*** Opening Provided material ***
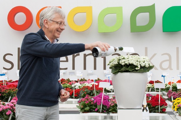 On Tuesday, January 16, Frans Blom christened his own Kalanchoë blossfeldiana. This Kalanchoë was specifically selected for its qualities, as the 'Frans Blom' variety blooms for a long period and has an impressive shelf life of up to 100 days. This variety is pure white and, according to Blom himself, it's the longest-lasting Kalanchoë ever developed.
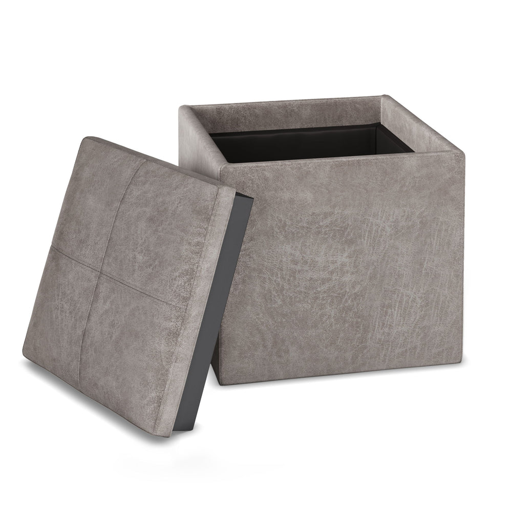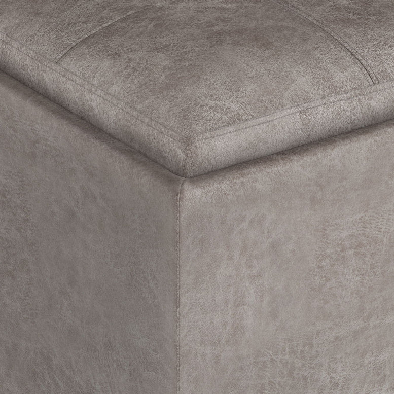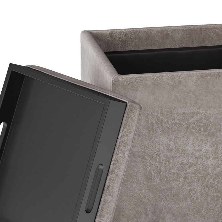 Rockwood - Cube Storage Ottoman With Tray - Distressed Gray Taupe
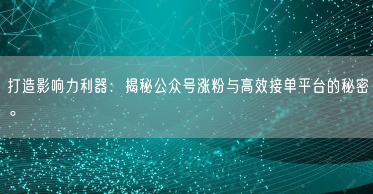 打造影响力利器:揭秘公众号涨粉与高效接单平台的秘密。
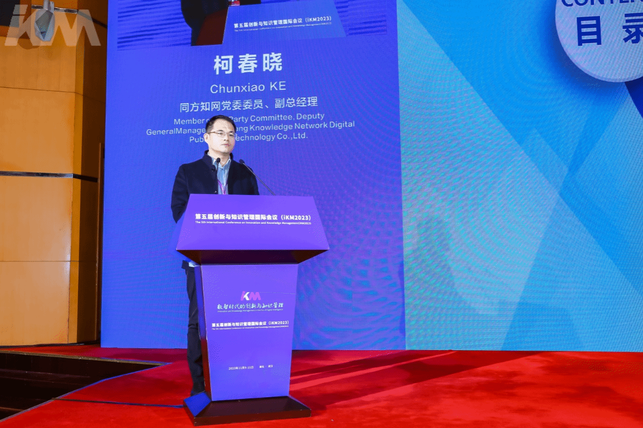同方知网党委委员、副总经理柯春晓就“数据资产化与知识管理”为主题开展演讲。对数字资产化的内外因素、实施对象、实施路径以及数字资产化的KM方法展开细致的研究分析。
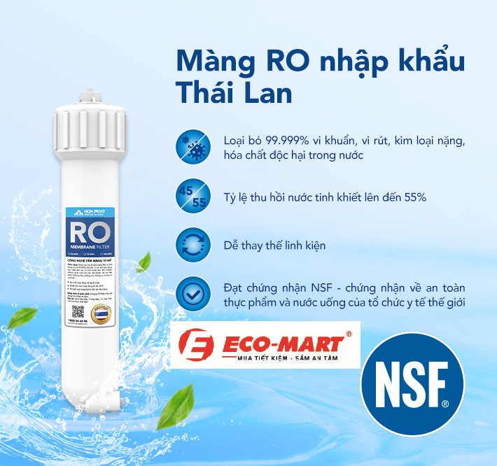 + Màng lọc RO 75 GPD Hitech: Nhập khẩu từ Thái Lan, đạt tiêu chuẩn quốc tế NSF, loại bỏ 99.99% vi khuẩn, vi rút, kim loại nặng và hóa chất độc hại.
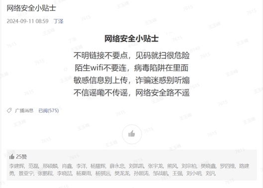 宣傳周期間活動(dòng)形式多樣,內(nèi)容豐富,主要包括網(wǎng)絡(luò)安全周主題宣傳氛圍營造、網(wǎng)絡(luò)安全科普視頻推廣、每日網(wǎng)絡(luò)安全小貼士推送以及網(wǎng)絡(luò)安全知識(shí)競答活動(dòng)。
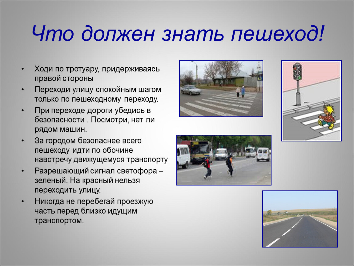 – По проезжей части дороги с большой скоростью движутся автомобили, поэтому выходить на нее опасно, особенно перед близко идущим транспортом. Автомобиль не может остановиться сразу. После нажатия на педаль тормоза он ещё некоторое время продолжает движение по инерции и может наехать на пешехода. Поэтому переходить проезжую часть можно, только убедившись, что транспортное средство далеко.
*** Closing Provided material ***
All of the entries need to be copied exactly, minus any pictures.

 On Tuesday, January 16, Frans Blom christened his own Kalanchoë blossfeldiana. This Kalanchoë was specifically selected for its qualities, as the 'Frans Blom' variety blooms for a long period and has an impressive shelf life of up to 100 days. This variety is pure white and, according to Blom himself, it's the longest-lasting Kalanchoë ever developed.
 Rockwood - Cube Storage Ottoman With Tray - Distressed Gray Taupe
 打造影响力利器:揭秘公众号涨粉与高效接单平台的秘密。
同方知网党委委员、副总经理柯春晓就“数据资产化与知识管理”为主题开展演讲。对数字资产化的内外因素、实施对象、实施路径以及数字资产化的KM方法展开细致的研究分析。
 + Màng lọc RO 75 GPD Hitech: Nhập khẩu từ Thái Lan, đạt tiêu chuẩn quốc tế NSF, loại bỏ 99.99% vi khuẩn, vi rút, kim loại nặng và hóa chất độc hại.
 宣傳周期間活動(dòng)形式多樣,內(nèi)容豐富,主要包括網(wǎng)絡(luò)安全周主題宣傳氛圍營造、網(wǎng)絡(luò)安全科普視頻推廣、每日網(wǎng)絡(luò)安全小貼士推送以及網(wǎng)絡(luò)安全知識(shí)競答活動(dòng)。
 – По проезжей части дороги с большой скоростью движутся автомобили, поэтому выходить на нее опасно, особенно перед близко идущим транспортом. Автомобиль не может остановиться сразу. После нажатия на педаль тормоза он ещё некоторое время продолжает движение по инерции и может наехать на пешехода. Поэтому переходить проезжую часть можно, только убедившись, что транспортное средство далеко.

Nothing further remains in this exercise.